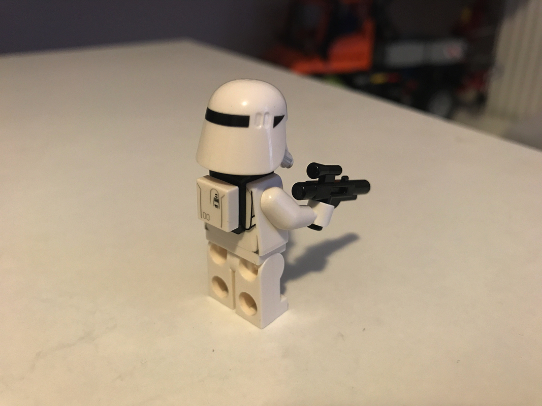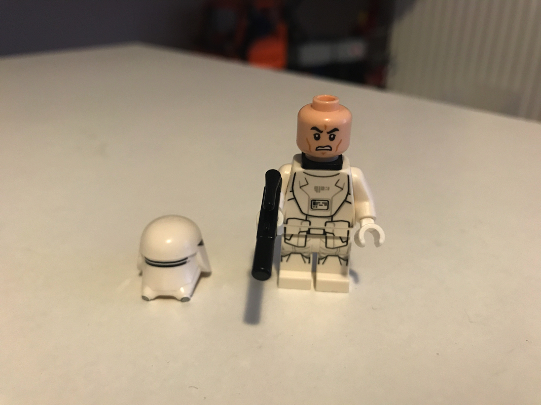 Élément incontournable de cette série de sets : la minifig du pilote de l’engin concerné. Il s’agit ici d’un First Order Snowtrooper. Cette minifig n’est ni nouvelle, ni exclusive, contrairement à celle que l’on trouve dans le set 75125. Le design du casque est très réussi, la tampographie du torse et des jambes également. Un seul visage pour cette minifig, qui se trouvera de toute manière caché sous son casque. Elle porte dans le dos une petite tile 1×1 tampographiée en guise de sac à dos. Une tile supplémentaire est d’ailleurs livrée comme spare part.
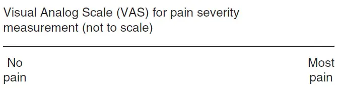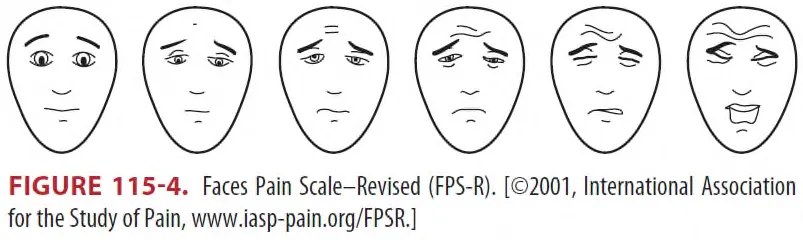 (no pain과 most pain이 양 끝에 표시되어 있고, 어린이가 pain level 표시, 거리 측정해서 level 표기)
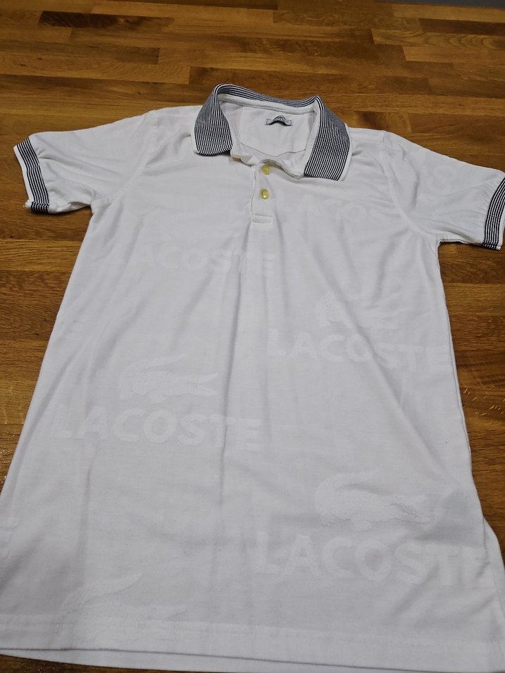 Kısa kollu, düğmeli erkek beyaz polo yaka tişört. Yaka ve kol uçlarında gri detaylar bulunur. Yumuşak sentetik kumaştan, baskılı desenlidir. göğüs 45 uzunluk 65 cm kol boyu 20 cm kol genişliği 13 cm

□ □ □ □

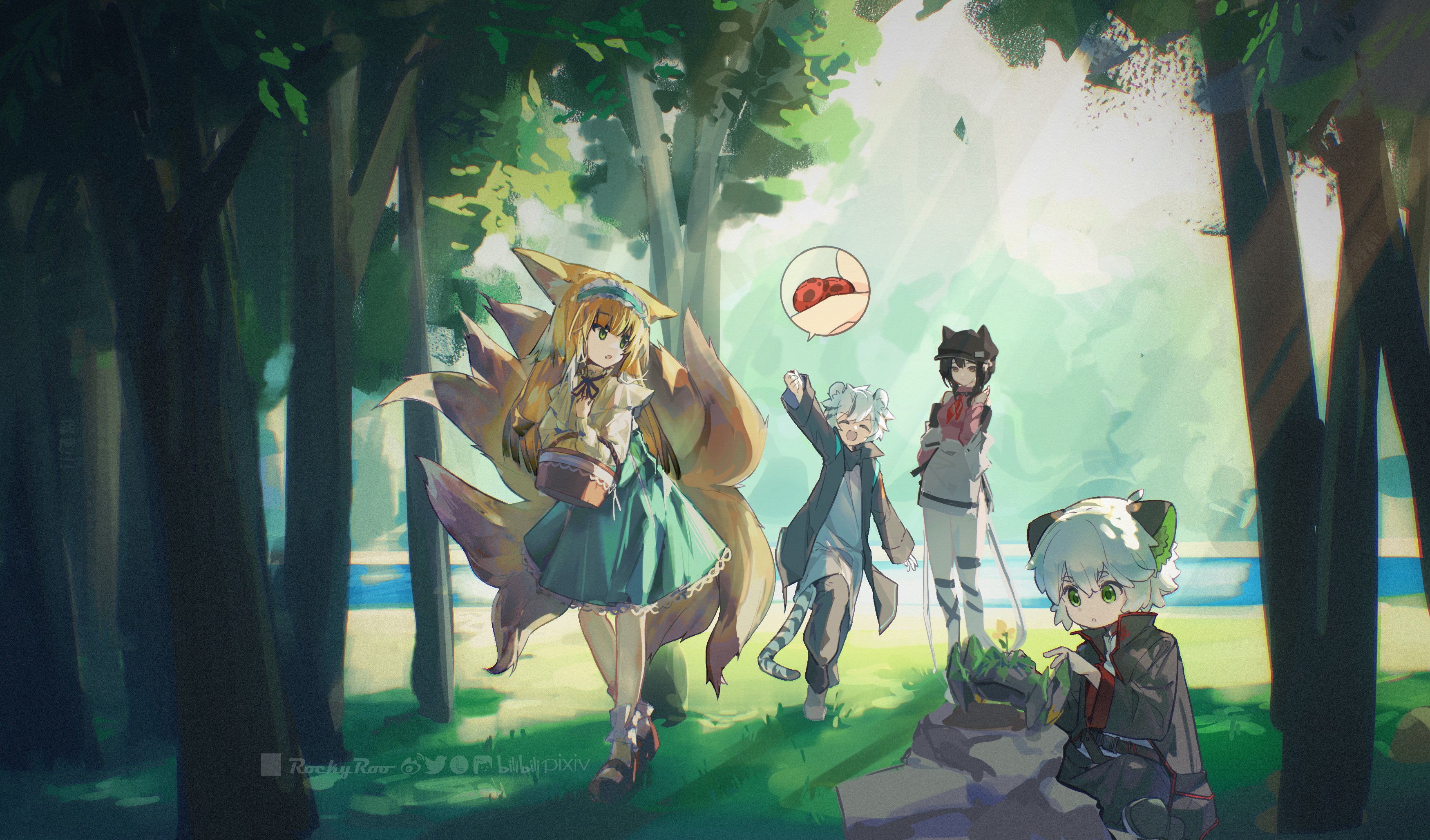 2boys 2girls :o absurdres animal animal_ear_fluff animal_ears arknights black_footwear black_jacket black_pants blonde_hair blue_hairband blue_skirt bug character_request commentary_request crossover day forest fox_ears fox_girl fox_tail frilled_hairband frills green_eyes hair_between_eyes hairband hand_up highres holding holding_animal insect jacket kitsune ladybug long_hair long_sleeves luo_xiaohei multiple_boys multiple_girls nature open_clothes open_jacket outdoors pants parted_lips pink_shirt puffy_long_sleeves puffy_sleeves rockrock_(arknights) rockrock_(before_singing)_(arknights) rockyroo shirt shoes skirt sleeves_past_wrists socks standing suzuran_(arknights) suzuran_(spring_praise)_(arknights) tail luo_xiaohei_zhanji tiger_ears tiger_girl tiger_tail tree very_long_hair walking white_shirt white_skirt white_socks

□ □ □ □

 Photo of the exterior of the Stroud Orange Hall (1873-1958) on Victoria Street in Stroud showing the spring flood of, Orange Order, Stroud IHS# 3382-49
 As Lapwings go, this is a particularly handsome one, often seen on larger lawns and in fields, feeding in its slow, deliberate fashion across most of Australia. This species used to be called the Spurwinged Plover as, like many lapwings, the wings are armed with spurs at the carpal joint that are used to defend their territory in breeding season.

□ □ □ □

◆ EXERCISE AIM
I'd like the lines above repeated exactly, from the one that contains "(no pain과 most" through the one that contains "Kısa kollu, düğmeli", with no pictures.

◆ OUTPUT BELOW
 (no pain과 most pain이 양 끝에 표시되어 있고, 어린이가 pain level 표시, 거리 측정해서 level 표기)
 Kısa kollu, düğmeli erkek beyaz polo yaka tişört. Yaka ve kol uçlarında gri detaylar bulunur. Yumuşak sentetik kumaştan, baskılı desenlidir. göğüs 45 uzunluk 65 cm kol boyu 20 cm kol genişliği 13 cm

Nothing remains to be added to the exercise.